There were problems of resource leaking in Python 3.6, but as psycopg
3.1 is 3.7+ only, let's go for it!

psycopg/psycopg/_dns.py
psycopg/psycopg/connection_async.py
psycopg/psycopg/conninfo.py
tests/test_connection.py
tests/test_connection_async.py
tests/test_conninfo.py
tests/test_dns.py

index 710113843c82b474571be9e5dfcfd054799c5ebd..cab164012bb7bd59833df89d06e506596dee8050 100644 (file)

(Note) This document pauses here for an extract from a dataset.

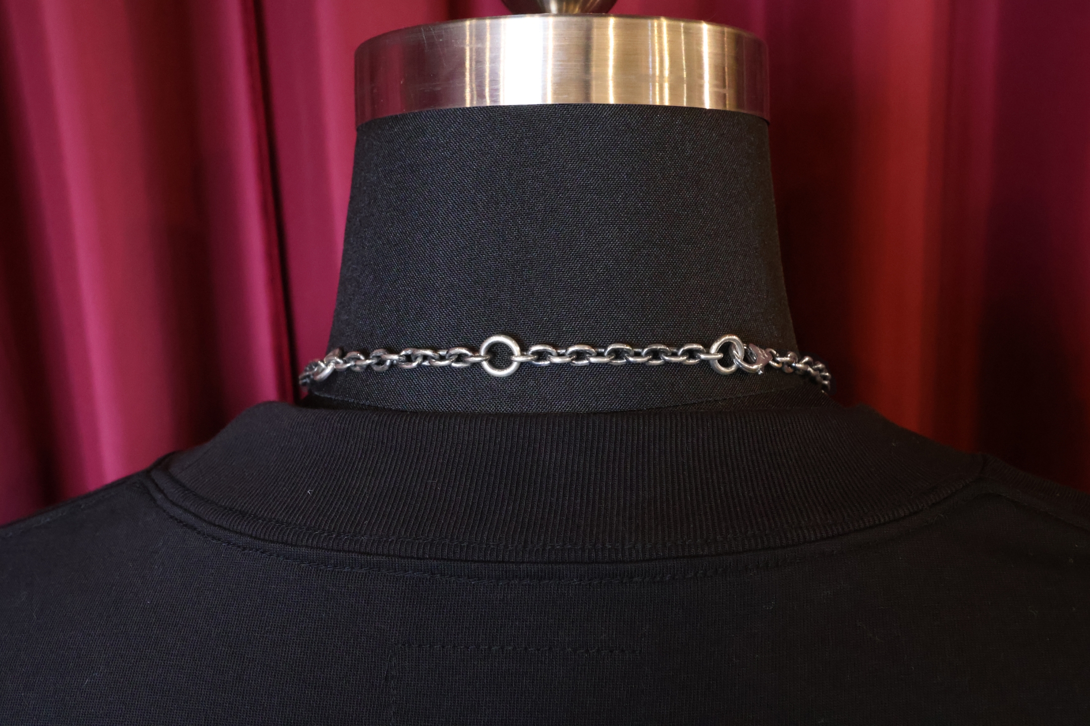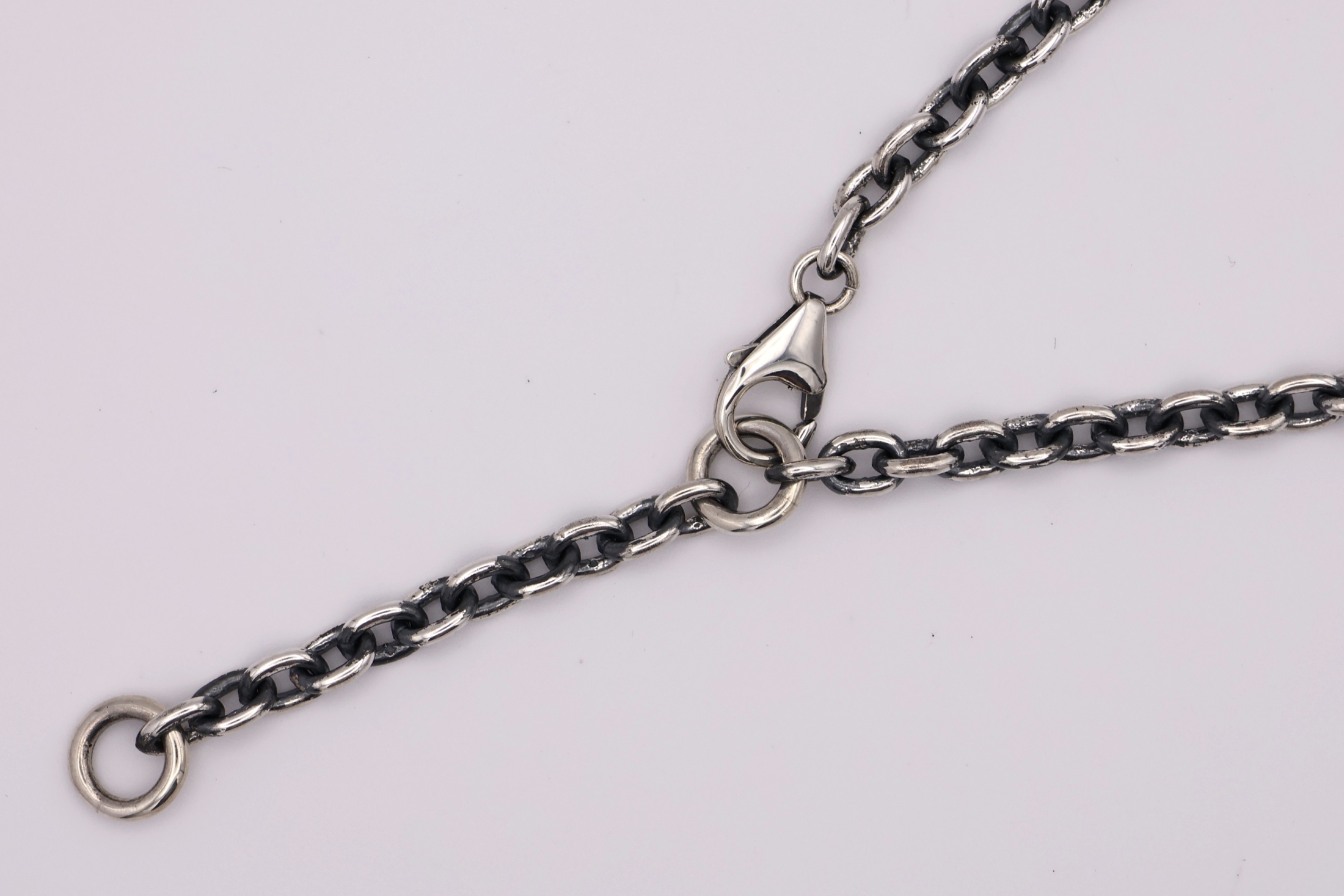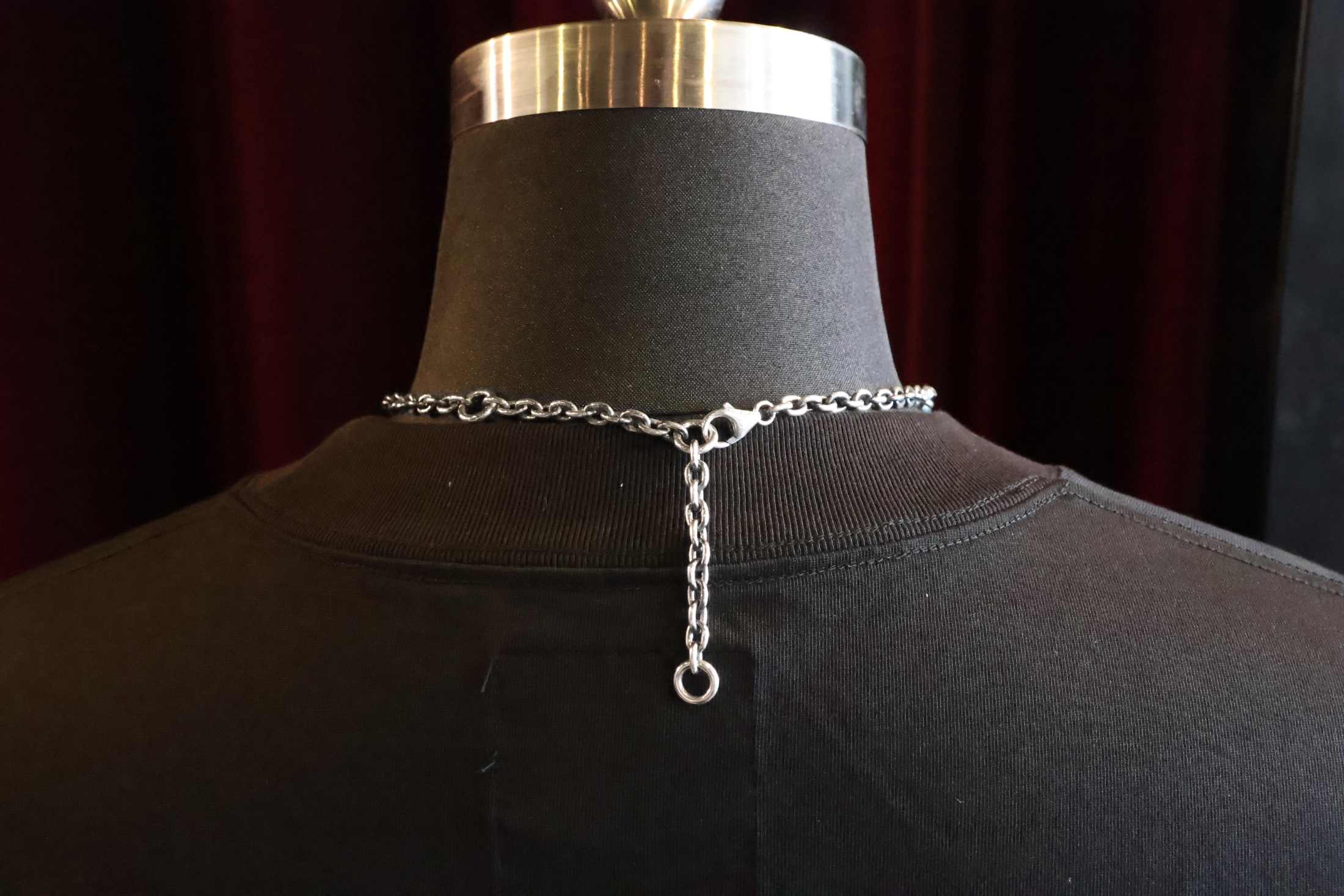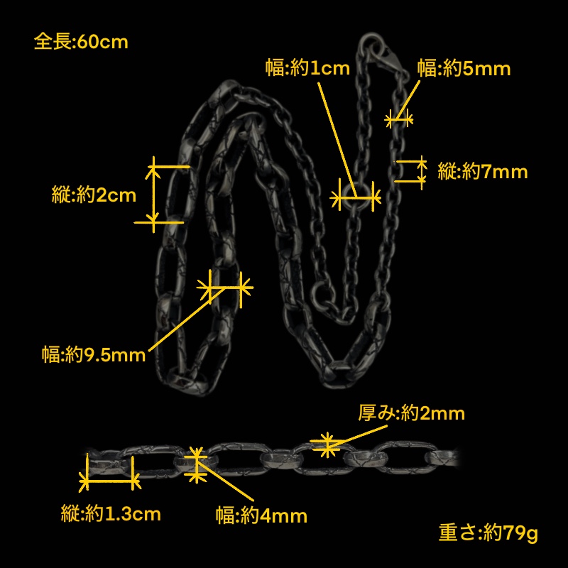 ス。留め具の部分はバネ式のプレーンなフックで、チェーンの途中にはアジャ

@@ -10,8 +10,6 @@ import re
 from random import randint
 from typing import Any, DefaultDict, Dict, List, NamedTuple, Optional, Sequence
 from typing import TYPE_CHECKING
-from functools import lru_cache
-from ipaddress import ip_address
 from collections import defaultdict
 
 try:
@@ -24,6 +22,7 @@ except ImportError:
     )
 
 from . import errors as e
+from .conninfo import is_ip_address
 
 if TYPE_CHECKING:
     from dns.rdtypes.IN.SRV import SRV
@@ -327,13 +326,3 @@ class Rfc2782Resolver:
                 del entries[i]
 
         return out
-
-
-@lru_cache()
-def is_ip_address(s: str) -> bool:
-    """Return True if the string represent a valid ip address."""
-    try:
-        ip_address(s)
-    except ValueError:
-        return False
-    return True
index 301ffac9ca76911d1a4000845a9cde9ca719d529..8c6571d0c4aa128a651118eb844ec7ef8f9bc36e 100644 (file)

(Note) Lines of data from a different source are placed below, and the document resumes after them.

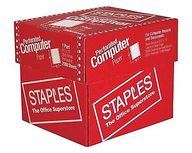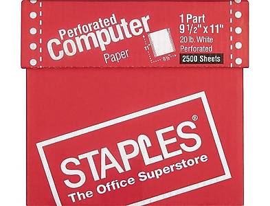 Print invoices, bills of lading or inventory lists with this Staples ultra-perforated blank white 20-pound 9.5 x 11 computer paper. Equip your warehouse, loading dock or production floor with this Staples blank computer paper. The ultra-perforated edges remove effortlessly to leave each sheet free from tears. The continuous page format ensures this Staples blank computer paper stacks neatly for efficient filing. - This continuous paper is perfectly suited for your office dot matrix printer - Brightness rating of 100 for sharp, clear print results - White paper with a smooth finish - Great for professional use - Microperforated This computer paper is perfectly suited for your office's dot matrix printer. This paper is ideal for high-demand offices, designed with ultra-perforated for a fast and smooth tear every time. This computer paper provides high-quality, professional-grade, smudge-free images, perfect for creating stunning projects and reports. Each box has 2,500 sheets of paper, so you won't have to worry about running out in the middle of an important project. Optimal Efficiency This ultra-perforated computer paper was designed with efficiency in mind. This continuous-feed paper is single-part and smooth running for fast printing. It is also micro-perforated for a clean, quick tear every time to keep your data tidy and complete. High-Quality Graphic Quality This blank white paper provides excellent contrast to produce clean, bold and smudge-free images. Use it to create eye-catching and professional client documents, advertisements or invoices. 20 pound paper weight and a 100 brightness rating ensure a vibrant printout that lasts through repeated handling. Ample Quantity Minimize refills of your dot matrix printer with this computer paper. Packaged in large batches of 2,500 sheets per box, it's easy to keep this paper in stock in the office.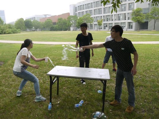 上午八点半,大家准时来到活动地点,党支部书记石俊锋首先向大家讲解了活动的主要安排和规则,并组织大家按自己的意愿快速组队,并制定出属于自己队的队长、队名和口号。活动的第一个环节是为了迎接即将到来的”六一儿童节“而准备的一个经典怀旧活动—丢手绢,虽然大家已经不过儿童节很多年了,但是玩起儿时的游戏来还是兴致勃勃,你追我赶,儿时的场景放佛又回到了眼前,活动中欢声笑语不断,各种惩罚措施更是层出不穷,不时让人捧腹大笑。紧接着,进行的第二个活动是”让我们溅溅在一起“,活动中不时出现让大家不曾想过的场景,有同时抢走锅盖和水杯的,有按住锅盖再去泼水的,有拔腿就跑的,也有被痛快地泼湿的,这一轮活动结束后大家身上多少都留下彼此深深祝福的痕迹。活动的最后一项是”疯狂指压板“,在此项目中,各队伍队员之间齐心协力、紧密配合,充分发挥不怕苦不怕痛的精神,为了团队的胜利都咬牙坚持,全面体现了学生党员愿为集体的利益牺牲小我的精神。活动的最后,大家都积极主动地打扫活动场地,带走活动产生的所有垃圾。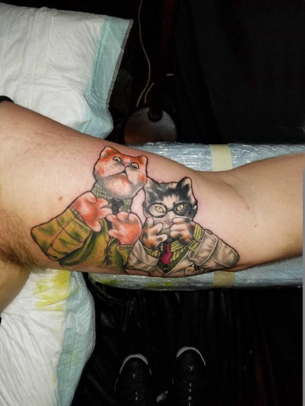 小猫咪纹身 男生大臂上彩色的猫咪纹身图片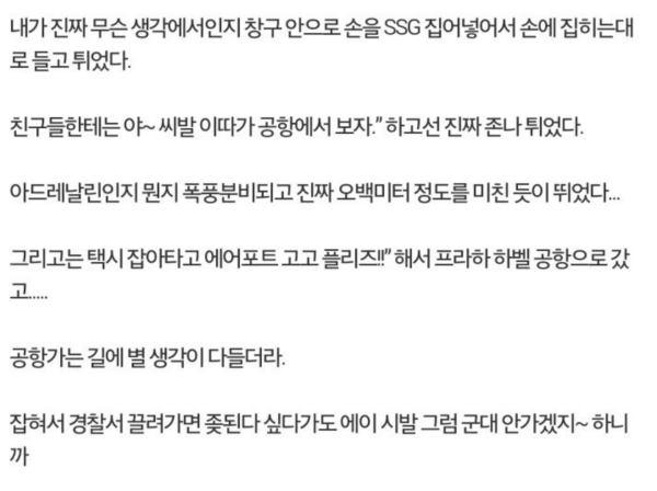 밖에서 담배피고 있던 친구들에겐 “야 ~씨X 이따가 공항에서 보자” 하고선 미친듯이 도망갔다.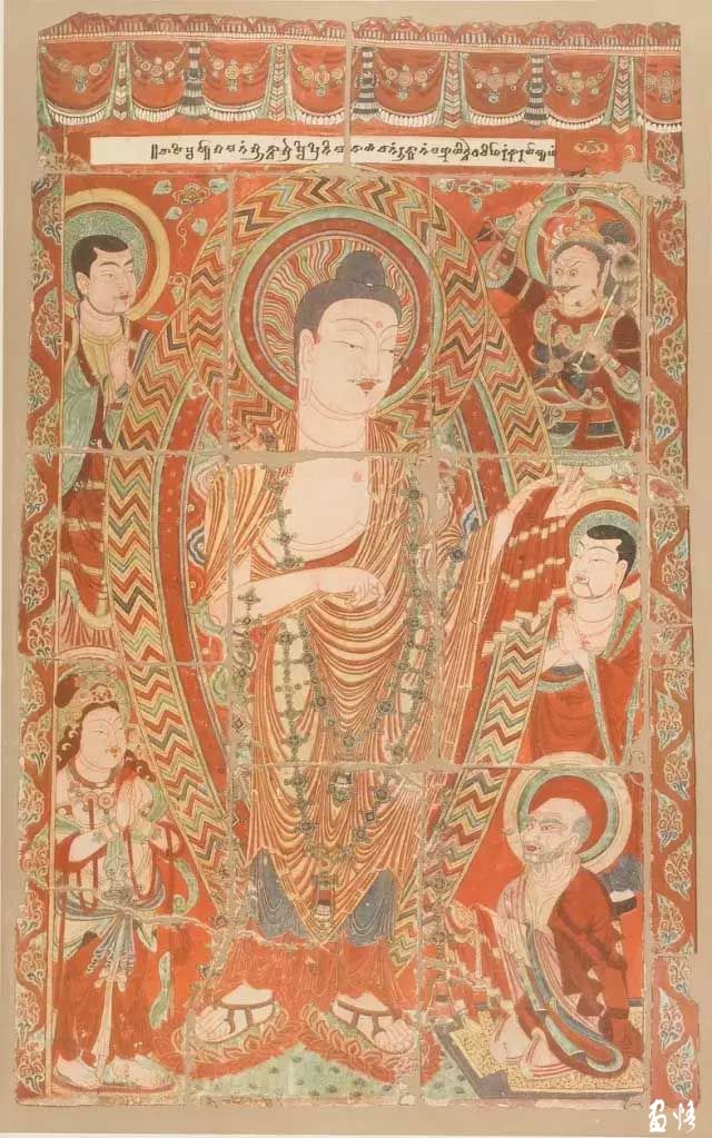 誓愿圖主要是指柏孜柯里克石窟第32窟、第23等窟釋迦牟尼佛于前生供養(yǎng)諸佛的佛立像圖,有人稱之為《說(shuō)法圖》,也有學(xué)者稱之為《供養(yǎng)畫(huà)》。誓愿圖是由來(lái)自東、西方和敘利亞的畫(huà)家在十至十一世紀(jì)期間創(chuàng)作了這組佛教壁畫(huà)。壁畫(huà)是在日曬磚墻上涂上摻有植物纖維的石灰土,用青金石、氧化銅、朱砂、金箔等作為顏料繪制而成的。圖像大都袒右肩立佛,通身背光,有頭光,旁有弟子、菩薩、天王及供養(yǎng)人圍繞。有的還畫(huà)有駱駝、驢、馬及房舍、園林。整個(gè)畫(huà)面大都呈紅色基調(diào),繪制細(xì)密。人物造形及服飾帶有明顯的地方特色。

@@ -20,7 +20,7 @@ from ._tpc import Xid
 from .rows import Row, AsyncRowFactory, tuple_row, TupleRow, args_row
 from .adapt import AdaptersMap
 from ._enums import IsolationLevel
-from .conninfo import make_conninfo, conninfo_to_dict
+from .conninfo import make_conninfo, conninfo_to_dict, resolve_hostaddr_async
 from ._pipeline import AsyncPipeline
 from ._encodings import pgconn_encoding
 from .connection import BaseConnection, CursorRow, Notify
@@ -181,6 +181,9 @@ class AsyncConnection(BaseConnection[Row]):
         else:
             params["connect_timeout"] = None
 
+        # Resolve host addresses in non-blocking way
+        params = await resolve_hostaddr_async(params)
+
         return params
 
     async def close(self) -> None:
index 767952bca05d14761572dfdf9103b0513113349f..1bc85ad5cd213039f6694d2e2a4cdad60adb2ac7 100644 (file)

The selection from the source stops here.